--- ASSIGNMENT ---
Retype, word for word, the line holding "- 上半年河南有13城GDP超過千億元 駐馬店、漯河等8城GDP增速超過4%" and every line below it to the end of the listing. Leave out the pictures.

--- DATA EXCERPTS ---

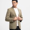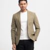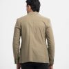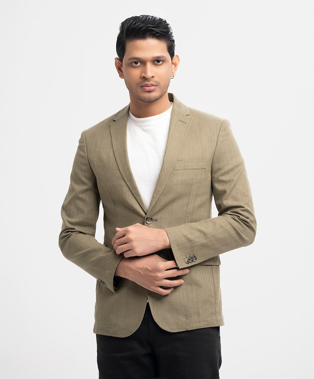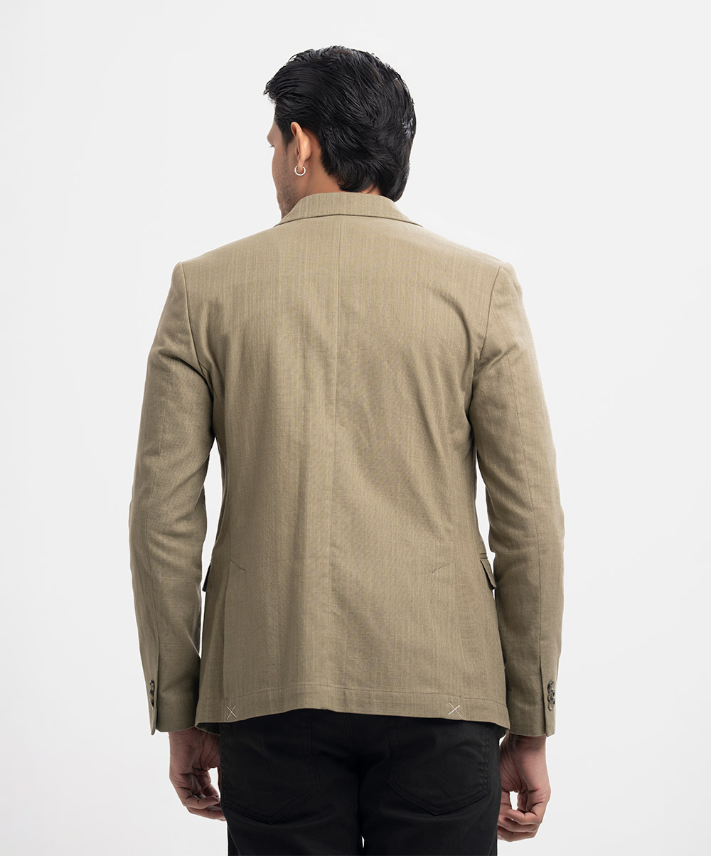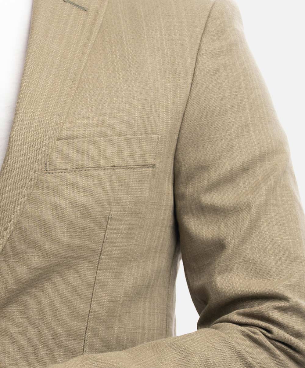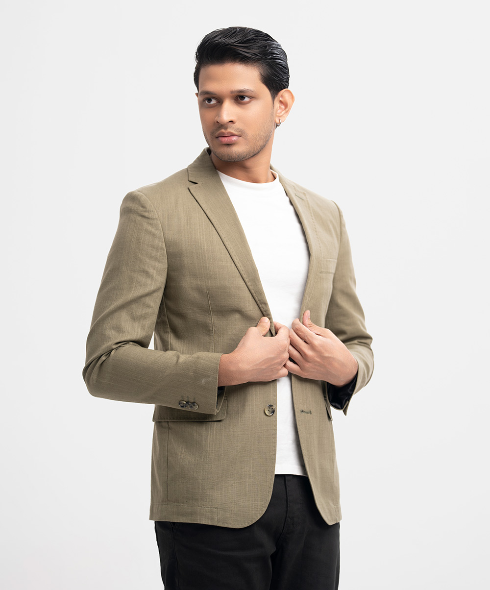 Single-breasted business casual blazer in soft, ramie cotton fabric with a stretchable silhouette. Notched lapels with a decorative buttonhole, two buttons at front, and decorative buttons at cuffs. Welt chest pocket, front pockets with flap with inner pockets. Lined.
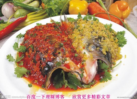 剁椒鱼头属湘菜系,是湘潭的一道名菜。以鱼头的“味鲜”和剁辣椒的“辣”为一体, 风味独具一格。菜品色泽红亮、味浓、肉质细嫩。肥而不腻、口感软糯、鲜辣适口。
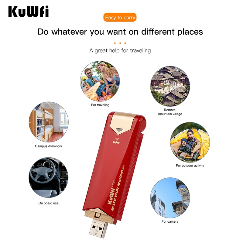 Comprar KuWfi-enrutador móvil 4G de 150Mbps, enrutador Wifi USB de 2,4 GHz con ranura para tarjeta SIM, minienrutador portátil con antena integrada, hasta 10 usuarios
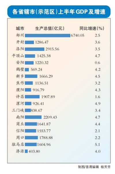 - 上半年河南有13城GDP超過千億元 駐馬店、漯河等8城GDP增速超過4%
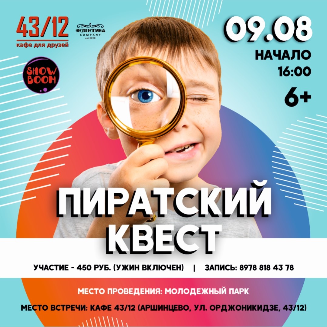 Мальчишки и девчонки, любите активно и весело проводить время? Тогда не пропустите в это воскресенье (09.08) увлекательный пиратский квест от агентства SHOW BOOM! Пройдем вместе все испытания, отыщем заветный сундук с сокровищами и отправимся ужинать в кафе 43/12. Вперед навстречу приключениям!

--- YOUR SOLUTION ---
 - 上半年河南有13城GDP超過千億元 駐馬店、漯河等8城GDP增速超過4%
 Мальчишки и девчонки, любите активно и весело проводить время? Тогда не пропустите в это воскресенье (09.08) увлекательный пиратский квест от агентства SHOW BOOM! Пройдем вместе все испытания, отыщем заветный сундук с сокровищами и отправимся ужинать в кафе 43/12. Вперед навстречу приключениям!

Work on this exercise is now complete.